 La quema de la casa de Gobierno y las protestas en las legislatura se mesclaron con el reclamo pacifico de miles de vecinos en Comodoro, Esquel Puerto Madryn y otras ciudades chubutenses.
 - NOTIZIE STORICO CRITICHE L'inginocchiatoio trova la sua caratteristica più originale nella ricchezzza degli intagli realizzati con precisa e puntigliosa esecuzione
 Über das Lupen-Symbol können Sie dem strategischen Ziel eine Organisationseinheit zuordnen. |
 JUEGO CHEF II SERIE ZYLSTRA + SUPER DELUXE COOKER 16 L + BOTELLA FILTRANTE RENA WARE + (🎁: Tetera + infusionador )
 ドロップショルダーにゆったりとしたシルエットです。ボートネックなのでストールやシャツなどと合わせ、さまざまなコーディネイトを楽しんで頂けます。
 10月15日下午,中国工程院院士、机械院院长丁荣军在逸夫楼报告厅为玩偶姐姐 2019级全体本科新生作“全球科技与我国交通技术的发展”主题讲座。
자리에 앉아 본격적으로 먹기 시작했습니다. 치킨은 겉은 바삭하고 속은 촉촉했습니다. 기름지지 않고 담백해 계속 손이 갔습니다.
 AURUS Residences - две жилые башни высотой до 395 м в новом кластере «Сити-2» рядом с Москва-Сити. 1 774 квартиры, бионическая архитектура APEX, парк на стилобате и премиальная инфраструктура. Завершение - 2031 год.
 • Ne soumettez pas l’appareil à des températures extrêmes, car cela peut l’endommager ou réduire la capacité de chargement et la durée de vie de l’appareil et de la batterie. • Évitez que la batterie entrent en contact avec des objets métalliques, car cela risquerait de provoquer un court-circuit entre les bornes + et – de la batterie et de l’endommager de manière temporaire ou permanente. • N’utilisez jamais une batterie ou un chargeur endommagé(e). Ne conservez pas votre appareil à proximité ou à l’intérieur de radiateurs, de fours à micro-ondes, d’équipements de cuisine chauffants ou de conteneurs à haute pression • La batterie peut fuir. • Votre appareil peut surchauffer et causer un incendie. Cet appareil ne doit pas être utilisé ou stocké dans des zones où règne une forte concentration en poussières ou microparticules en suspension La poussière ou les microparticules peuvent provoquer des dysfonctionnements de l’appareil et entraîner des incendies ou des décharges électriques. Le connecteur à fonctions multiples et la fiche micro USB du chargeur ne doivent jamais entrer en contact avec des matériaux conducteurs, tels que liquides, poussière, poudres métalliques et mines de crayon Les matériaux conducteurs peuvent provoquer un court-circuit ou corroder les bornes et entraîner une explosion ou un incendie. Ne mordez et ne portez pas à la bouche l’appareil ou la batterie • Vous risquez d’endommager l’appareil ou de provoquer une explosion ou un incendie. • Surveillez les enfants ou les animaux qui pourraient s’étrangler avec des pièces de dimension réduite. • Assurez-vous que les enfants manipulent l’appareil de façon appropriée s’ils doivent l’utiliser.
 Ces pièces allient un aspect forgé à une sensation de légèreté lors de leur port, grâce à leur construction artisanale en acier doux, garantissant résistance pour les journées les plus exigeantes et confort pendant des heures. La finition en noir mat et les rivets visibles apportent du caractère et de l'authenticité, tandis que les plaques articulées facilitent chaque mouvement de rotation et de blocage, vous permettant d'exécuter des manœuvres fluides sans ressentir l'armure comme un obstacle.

=== EXERCISE ===
In the data above, retype exactly and only the lines between the one holding "Über das Lupen-Symbol" and the one holding "s’ils doivent l’utiliser.", inclusive.

=== ANSWER SPACE ===
 Über das Lupen-Symbol können Sie dem strategischen Ziel eine Organisationseinheit zuordnen. |
 JUEGO CHEF II SERIE ZYLSTRA + SUPER DELUXE COOKER 16 L + BOTELLA FILTRANTE RENA WARE + (🎁: Tetera + infusionador )
 ドロップショルダーにゆったりとしたシルエットです。ボートネックなのでストールやシャツなどと合わせ、さまざまなコーディネイトを楽しんで頂けます。
 10月15日下午,中国工程院院士、机械院院长丁荣军在逸夫楼报告厅为玩偶姐姐 2019级全体本科新生作“全球科技与我国交通技术的发展”主题讲座。
자리에 앉아 본격적으로 먹기 시작했습니다. 치킨은 겉은 바삭하고 속은 촉촉했습니다. 기름지지 않고 담백해 계속 손이 갔습니다.
 AURUS Residences - две жилые башни высотой до 395 м в новом кластере «Сити-2» рядом с Москва-Сити. 1 774 квартиры, бионическая архитектура APEX, парк на стилобате и премиальная инфраструктура. Завершение - 2031 год.
 • Ne soumettez pas l’appareil à des températures extrêmes, car cela peut l’endommager ou réduire la capacité de chargement et la durée de vie de l’appareil et de la batterie. • Évitez que la batterie entrent en contact avec des objets métalliques, car cela risquerait de provoquer un court-circuit entre les bornes + et – de la batterie et de l’endommager de manière temporaire ou permanente. • N’utilisez jamais une batterie ou un chargeur endommagé(e). Ne conservez pas votre appareil à proximité ou à l’intérieur de radiateurs, de fours à micro-ondes, d’équipements de cuisine chauffants ou de conteneurs à haute pression • La batterie peut fuir. • Votre appareil peut surchauffer et causer un incendie. Cet appareil ne doit pas être utilisé ou stocké dans des zones où règne une forte concentration en poussières ou microparticules en suspension La poussière ou les microparticules peuvent provoquer des dysfonctionnements de l’appareil et entraîner des incendies ou des décharges électriques. Le connecteur à fonctions multiples et la fiche micro USB du chargeur ne doivent jamais entrer en contact avec des matériaux conducteurs, tels que liquides, poussière, poudres métalliques et mines de crayon Les matériaux conducteurs peuvent provoquer un court-circuit ou corroder les bornes et entraîner une explosion ou un incendie. Ne mordez et ne portez pas à la bouche l’appareil ou la batterie • Vous risquez d’endommager l’appareil ou de provoquer une explosion ou un incendie. • Surveillez les enfants ou les animaux qui pourraient s’étrangler avec des pièces de dimension réduite. • Assurez-vous que les enfants manipulent l’appareil de façon appropriée s’ils doivent l’utiliser.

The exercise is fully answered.